━━ Data shown

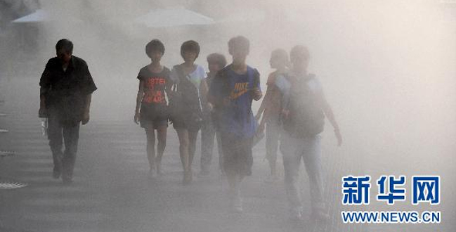 8月12日,一名小游客在上海世博園上海企業(yè)聯(lián)合館前擁抱“云霧”。當日下午,記者在上海世博園上海企業(yè)聯(lián)合館前看到,噴霧降溫裝置正在發(fā)揮威力,游客猶處云霧之間,別有一番趣味?! ?/p>
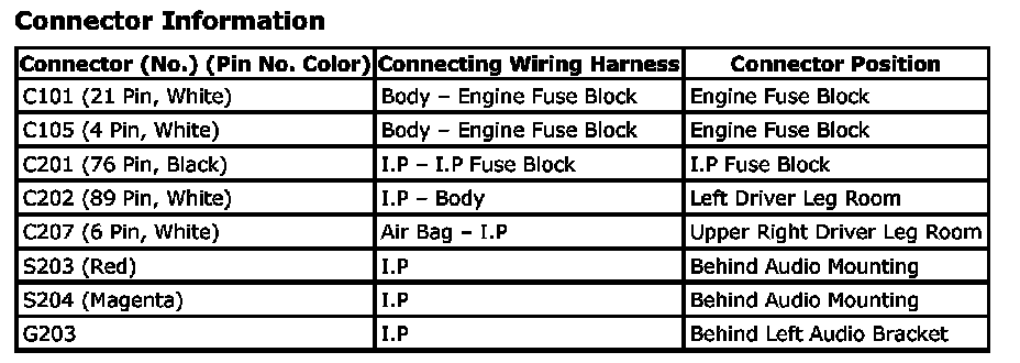 CONNECTOR IDENTIFICATION SYMBOL AND PIN NUMBER POSITION
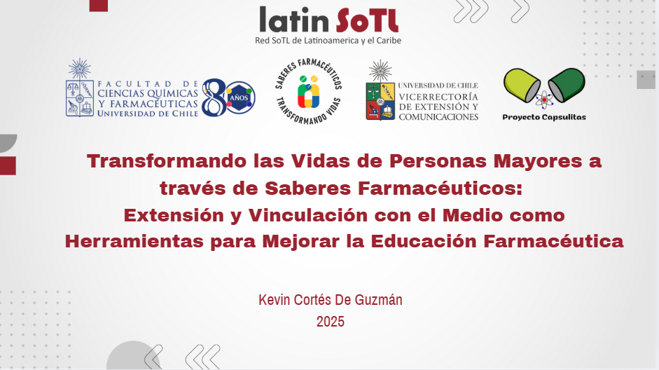 El estudiante de Química y Farmacia e integrante de Capsulitas, Kevin Cortés de Guzmán, presentó la ponencia “Transformando las Vidas de Personas Mayores a través de Saberes Farmacéuticos: Extensión y Vinculación con el Medio como Herramientas para Mejorar la Educación Farmacéutica”. En su presentación, Cortés de Guzmán abordó el envejecimiento poblacional como un desafío para los sistemas de salud, enfatizando la necesidad de enfoques pedagógicos innovadores que conecten el conocimiento académico con comunidades vulnerables, como la comuna de Pedro Aguirre Cerda en Chile, la cual posee un alto índice de envejecimiento y vulnerabilidad socioeconómica.
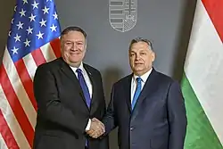 В конце января 2019 года в ответ на требование США занять более жёсткую позицию по отношению к России и Китаю Виктор Орбан выступил против давления, ответив, что Венгрия стремится к тому, чтобы занимать более нейтральную позицию, что стране выгодно вести бизнес с Россией[12].

━━━━

» Goal of the exercise: Transcribe the full listing above exactly, with the images removed.

» Answer for the task:
 8月12日,一名小游客在上海世博園上海企業(yè)聯(lián)合館前擁抱“云霧”。當日下午,記者在上海世博園上海企業(yè)聯(lián)合館前看到,噴霧降溫裝置正在發(fā)揮威力,游客猶處云霧之間,別有一番趣味?! ?/p>
 CONNECTOR IDENTIFICATION SYMBOL AND PIN NUMBER POSITION
 El estudiante de Química y Farmacia e integrante de Capsulitas, Kevin Cortés de Guzmán, presentó la ponencia “Transformando las Vidas de Personas Mayores a través de Saberes Farmacéuticos: Extensión y Vinculación con el Medio como Herramientas para Mejorar la Educación Farmacéutica”. En su presentación, Cortés de Guzmán abordó el envejecimiento poblacional como un desafío para los sistemas de salud, enfatizando la necesidad de enfoques pedagógicos innovadores que conecten el conocimiento académico con comunidades vulnerables, como la comuna de Pedro Aguirre Cerda en Chile, la cual posee un alto índice de envejecimiento y vulnerabilidad socioeconómica.
 В конце января 2019 года в ответ на требование США занять более жёсткую позицию по отношению к России и Китаю Виктор Орбан выступил против давления, ответив, что Венгрия стремится к тому, чтобы занимать более нейтральную позицию, что стране выгодно вести бизнес с Россией[12].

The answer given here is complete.